By the end of 1212, Philip was preparing an invasion of England. Philip aimed to crown his son Louis as king of England, and at a council at Soissons in April 1213, he drafted a possible relationship between the future France and England. On 30 May William Longespée, Earl of Salisbury, succeeded in crushing the French invasion fleet in the Battle of Damme and preventing French invasion. In February 1214, John landed in La Rochelle after creating alliances headed by Otto IV, Holy Roman Emperor. The aim was for William Longespée and John's German allies to attack Philip from the north, whilst John attacked from the south.

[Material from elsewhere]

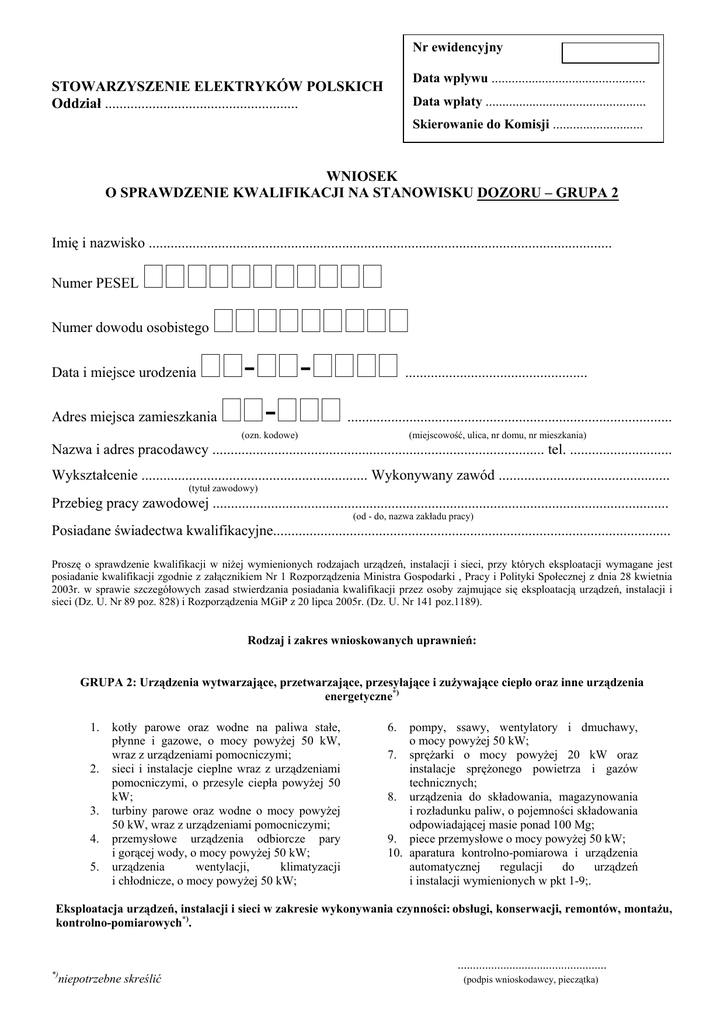 Nr ewidencyjny Data wpływu .............................................. STOWARZYSZENIE ELEKTRYKÓW POLSKICH Oddział ..................................................... Data wpłaty ................................................ Skierowanie do Komisji ........................... WNIOSEK O SPRAWDZENIE KWALIFIKACJI NA STANOWISKU DOZORU – GRUPA 2 Imię i nazwisko ............................................................................................................................... Numer PESEL -- - Numer dowodu osobistego Data i miejsce urodzenia .................................................. Adres miejsca zamieszkania ......................................................................................... (ozn. kodowe) (miejscowość, ulica, nr domu, nr mieszkania) Nazwa i adres pracodawcy ........................................................................................... tel. ............................ Wykształcenie .............................................................. Wykonywany zawód ............................................... (tytuł zawodowy) Przebieg pracy zawodowej ............................................................................................................................. (od - do, nazwa zakładu pracy) Posiadane świadectwa kwalifikacyjne............................................................................................................. Proszę o sprawdzenie kwalifikacji w niżej wymienionych rodzajach urządzeń, instalacji i sieci, przy których eksploatacji wymagane jest posiadanie kwalifikacji zgodnie z załącznikiem Nr 1 Rozporządzenia Ministra Gospodarki , Pracy i Polityki Społecznej z dnia 28 kwietnia 2003r. w sprawie szczegółowych zasad stwierdzania posiadania kwalifikacji przez osoby zajmujące się eksploatacją urządzeń, instalacji i sieci (Dz. U. Nr 89 poz. 828) i Rozporządzenia MGiP z 20 lipca 2005r. (Dz. U. Nr 141 poz.1189). Rodzaj i zakres wnioskowanych uprawnień: GRUPA 2: Urządzenia wytwarzające, przetwarzające, przesyłające i zużywające ciepło oraz inne urządzenia energetyczne*) 1. 2. 3. 4. 5. kotły parowe oraz wodne na paliwa stałe, płynne i gazowe, o mocy powyżej 50 kW, wraz z urządzeniami pomocniczymi; sieci i instalacje cieplne wraz z urządzeniami pomocniczymi, o przesyle ciepła powyżej 50 kW; turbiny parowe oraz wodne o mocy powyżej 50 kW, wraz z urządzeniami pomocniczymi; przemysłowe urządzenia odbiorcze pary i gorącej wody, o mocy powyżej 50 kW; urządzenia wentylacji, klimatyzacji i chłodnicze, o mocy powyżej 50 kW; 6. pompy, ssawy, wentylatory i dmuchawy, o mocy powyżej 50 kW; 7. sprężarki o mocy powyżej 20 kW oraz instalacje sprężonego powietrza i gazów technicznych; 8. urządzenia do składowania, magazynowania i rozładunku paliw, o pojemności składowania odpowiadającej masie ponad 100 Mg; 9. piece przemysłowe o mocy powyżej 50 kW; 10. aparatura kontrolno-pomiarowa i urządzenia automatycznej regulacji do urządzeń i instalacji wymienionych w pkt 1-9;. Eksploatacja urządzeń, instalacji i sieci w zakresie wykonywania czynności: obsługi, konserwacji, remontów, montażu, kontrolno-pomiarowych*). *) niepotrzebne skreślić ................................................. (podpis wnioskodawcy, pieczątka) ............................................, dnia .......................... ............................................ (pieczęć Komisji Kwalifikacyjnej) PROTOKÓŁ NR ................................................. z egzaminu sprawdzającego znajomość przepisów i zasad w zakresie eksploatacji na stanowisku DOZORU ............................................................................................................................ (imię i nazwisko egzaminowanego) 1. Wynik egzaminu ze znajomości przepisów i zasad: Lp. Wyszczególnienie zakresu 1. 2. 3. 4. 5. 6. 7. 8. Wynik Przepisy dotyczące przyłączania urządzeń i instalacji do sieci, dostarczania paliw i energii oraz prowadzenia ruchu i eksploatacji urządzeń, instalacji i sieci Przepisy i zasady postępowania przy programowaniu pracy urządzeń, instalacji i sieci , z uwzględnieniem zasad racjonalnego użytkowania paliw i energii Przepisy dotyczące eksploatacji, wymagania w zakresie prowadzenia dokumentacji technicznej i eksploatacyjnej oraz stosowania instrukcji eksploatacji urządzeń, instalacji i sieci Przepisy dotyczące budowy urządzeń, instalacji i sieci oraz normy i warunki techniczne , jakim powinny odpowiadać urządzenia, instalacje i sieci Przepisy dotyczące bezpieczeństwa i higieny pracy oraz ochrony przeciwpożarowej, z uwzględnieniem udzielania pierwszej pomocy oraz wymagań ochrony środowiska Zasady postępowania w razie awarii, pożaru lub innego zagrożenia bezpieczeństwa ruchu urządzeń przyłączonych do sieci Zasady dysponowania mocą urządzeń przyłączonych do sieci Zasady i warunki wykonywania prac kontrolno-pomiarowych i montażowych 2. Wynik ogólny egzaminu: pozytywny – negatywny*) 3. W wyniku egzaminu stwierdzono, że egzaminowany spełnia (nie spełnia)*) wymagania kwalifikacyjne do wykonywania prac na stanowisku Dozoru w zakresie: obsługi, konserwacji, remontów, montażu, kontrolno-pomiarowym*) dla następujących rodzajów urządzeń, instalacji i sieci wymienionych we wniosku pod pozycją: .................................................................................................................................................................. .................................................................................................................................................................. .................................................................................................................................................................. ................................................................................................................................................

By June 1214, John had the support of the houses of Lusignan, Mauléon, and Thouars, but when John advanced into Anjou, capturing Angers, the desertion of his Poitevin allies forced a retreat back to La Rochelle. On 27 July, John's German allies lost the Battle of Bouvines with many prisoners taken, including Longespée. On 18 September John and Philip agreed to the Truce of Chinon that was intended to last until Easter 1220. John returned to England in October.

===Capetian invasion of England===

Magna Carta, signed at Runnymede on 15 June 1215

Following the agreement at Runnymede in June 1215, rebel English barons felt that John would not observe the terms of Magna Carta, and offered the English crown to Philip's son Louis. Louis accepted, landing in Kent on 21 May 1216 with 1,200 knights. Louis seized Rochester, London, and Winchester, whilst John was deserted by several nobles, including Longespée. By August only Dover, Lincoln, and Windsor remained loyal to John in the east, and Alexander II of Scotland travelled to Canterbury to pay homage to Louis.

In September, John began his attack, marching from the Cotswolds, feigning an offensive to relieve the besieged Windsor Castle and attacking eastwards around London to Cambridge to separate the rebel-held areas of Lincolnshire and East Anglia. In King's Lynn, John contracted dysentery and died on 18 October 1216. Louis was defeated twice following John's death in 1217, in Lincoln in May and at Sandwich in August, resulting in his withdrawal from the claim on the throne of England with the Treaty of Lambeth in September.

==Cultural influence==
The hypothetical continuation and expansion of the Angevin Empire over several centuries has been the subject of several tales of alternate history. English and French historians had viewed the juxtaposition of England and French lands under Angevin control as something of an aberration and an offence to national identity. To English historians, the lands in France were an encumbrance, but French historians considered the union to be an English empire.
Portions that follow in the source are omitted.